Nicholas Weiner ’22: Book XXI, Chapter I (In Which the Route and Coastline of the Mainland Is Discussed and Described)

Book XXI, Chapter I

In which the route and coastline of the Mainland is discussed and described, from the Strait of Ferdinand Magellan to the large and famous river of Panama, also known as the Río de la Plata, coming towards the equinoctial line and our arctic pole from the Antarctic or southern portion.

Translated by Nicholas Weiner ’22

From Cape Vírgenes, which is on the direction of the equinox at the mouth of the Strait of Magellan, coming towards the equinoctial line, it is twenty leagues to the Bay of Santiago; and from there, there are another ten leagues to the river called de la Cruz, in which there is a round island.

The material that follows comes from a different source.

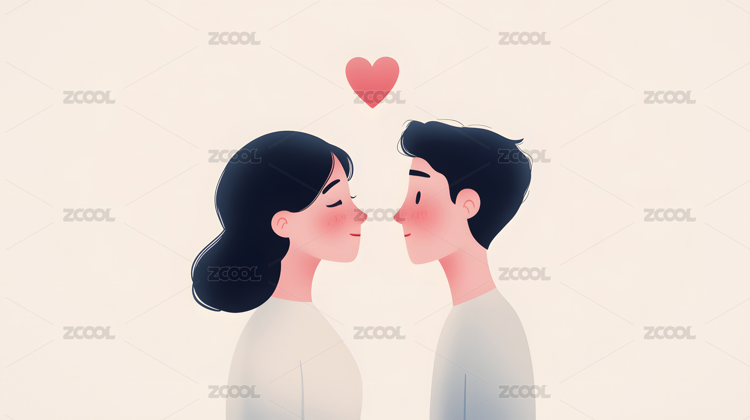 卡通七夕情人节情侣爱心插画

It is twenty-five leagues from this river to the point of the San Julián river, which is further north, and the land from the tip of this port to the bay is called Sierras Hermosas, and it is twenty leagues from here to the bay they call Los Trabajos. Two rivers flow into this bay alongside an island, and the river closest to us and the equinoctial line is called the Juan Serrano River. He was a talented navigator who was with the aforementioned Captain Magellan on the first voyage as senior navigator, when that famous Strait was discovered. The distance from the promontory of Cape Vírgenes to this river could be eighty leagues, more or less; and it is located a little more than forty-nine degrees from the equinoctial line.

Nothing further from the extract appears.